For Tranche 2 Entities

If you're entering the AUSTRAC regime on July 1, 2026, you need to build your AML/CTF program from scratch. That includes:

• Conducting a full ML/TF risk assessment
• Writing policies and procedures
• Appointing a compliance officer
• Implementing systems for CDD, monitoring, and reporting
• Training all staff
• Getting senior management sign-off

Can you do this yourself? Possibly. But most firms are working with compliance specialists or using platforms like ARCaml to handle the heavy lifting.

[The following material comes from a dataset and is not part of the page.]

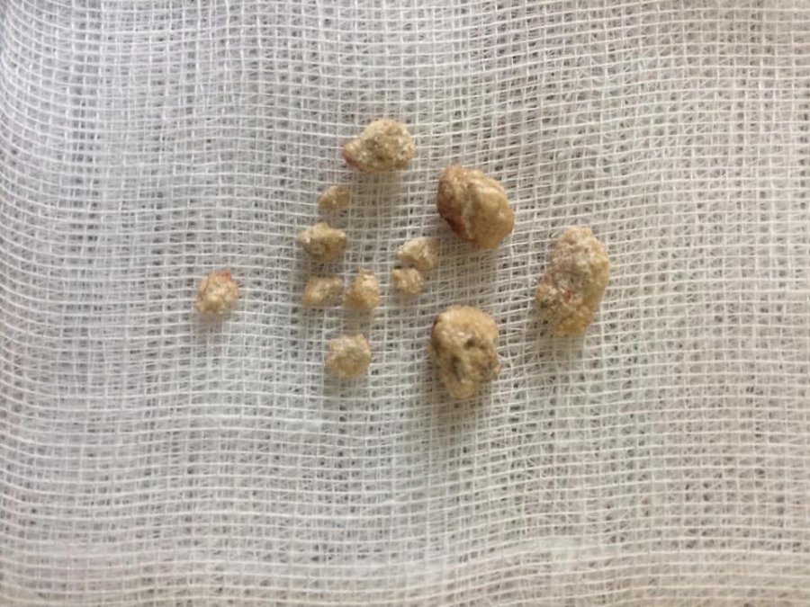"Цей клінічний випадок був непростий через наявність супутньої патології у пацієнтки. Вражаючим також був розмір самого каменя 2,5х3,0 см. Проте нашим урологам Миколі Зубку та Мирославі Гаврилюк успішно вдалось видалити камінь повністю та з мінімально можливим травматизмом для пацієнтки. А лікар-анестезіолог Самарчук Т.В. зробила операцію безболісною та комфортною за допомогою епідуральної анестезії", - йдеться в дописі.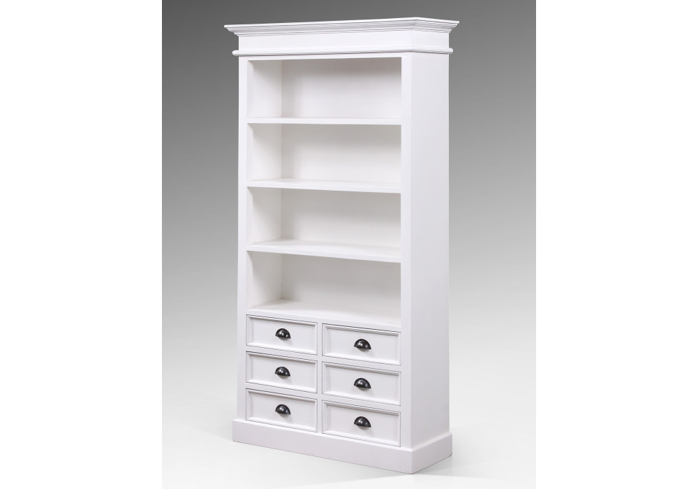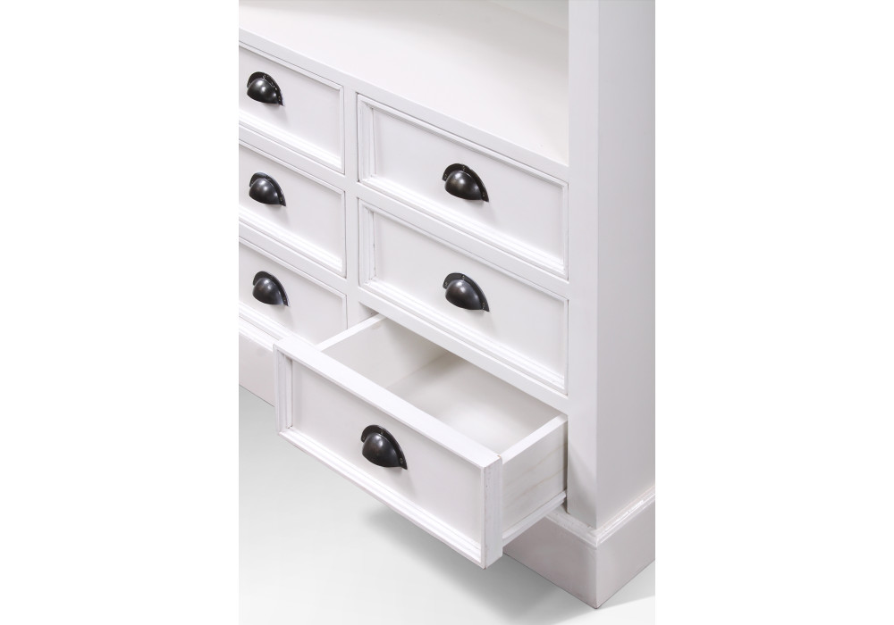 This spacious bookcase offers 6 drawers and 4 open shelves for ample storage for your books, decorative pieces, and collectibles. Its clean lines and sturdy construction ensure durability while providing a chic and organized solution to your storage needs.

Because building an AML/CTF program isn't just about ticking boxes. It's about creating systems that actually work — systems that detect money laundering, protect your business, and keep you compliant.

The Bottom Line

Your AML/CTF program is mandatory. It needs to be documented, approved by senior management, and operational before you provide designated services.

It's not a static document. It needs regular review, updates when your business changes, and an independent assessment every 3 years.

And most importantly: it needs to work. Having a program that looks good on paper but doesn't actually prevent money laundering? That's what gets you penalised.

If you're building a program for the first time (Tranche 2 entities, we're looking at you), start now. You've got less time than you think.